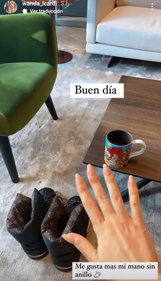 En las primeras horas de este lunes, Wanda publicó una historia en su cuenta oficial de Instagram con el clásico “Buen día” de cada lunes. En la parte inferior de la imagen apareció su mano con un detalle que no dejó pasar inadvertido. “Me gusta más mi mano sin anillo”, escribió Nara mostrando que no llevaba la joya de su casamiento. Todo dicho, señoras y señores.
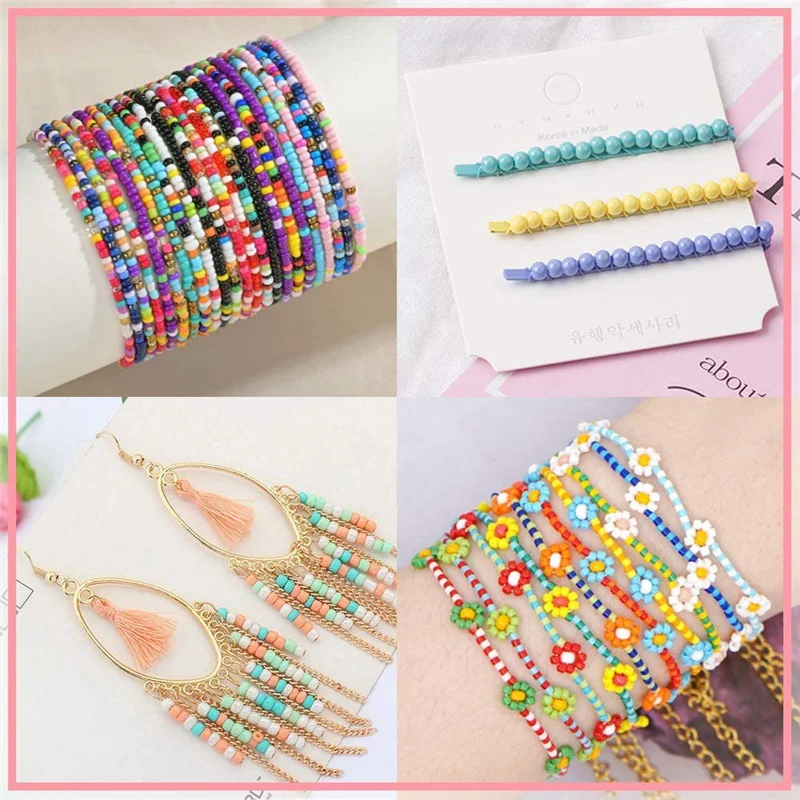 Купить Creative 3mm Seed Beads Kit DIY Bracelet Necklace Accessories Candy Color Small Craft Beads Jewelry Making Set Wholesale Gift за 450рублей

...

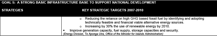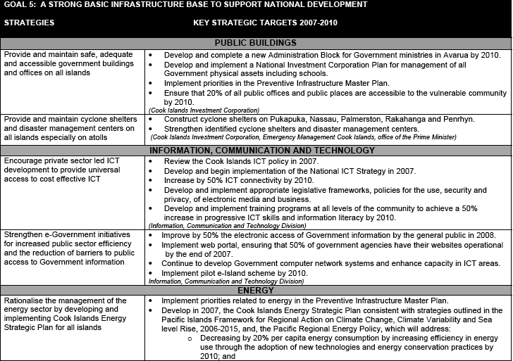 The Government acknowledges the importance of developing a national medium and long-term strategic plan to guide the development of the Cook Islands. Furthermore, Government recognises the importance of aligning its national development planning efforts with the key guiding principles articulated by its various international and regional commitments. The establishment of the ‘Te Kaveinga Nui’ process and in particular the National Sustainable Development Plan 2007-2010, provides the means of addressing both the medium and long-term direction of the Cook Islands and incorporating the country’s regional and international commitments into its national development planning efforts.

TO DO: Your task is to copy only the lines above starting at the one containing "En las primeras" and ending at the one containing "Купить Creative 3mm". Copy them exactly, both ends included, and omit the pictures.

TASK RESPONSE:
 En las primeras horas de este lunes, Wanda publicó una historia en su cuenta oficial de Instagram con el clásico “Buen día” de cada lunes. En la parte inferior de la imagen apareció su mano con un detalle que no dejó pasar inadvertido. “Me gusta más mi mano sin anillo”, escribió Nara mostrando que no llevaba la joya de su casamiento. Todo dicho, señoras y señores.
 Купить Creative 3mm Seed Beads Kit DIY Bracelet Necklace Accessories Candy Color Small Craft Beads Jewelry Making Set Wholesale Gift за 450рублей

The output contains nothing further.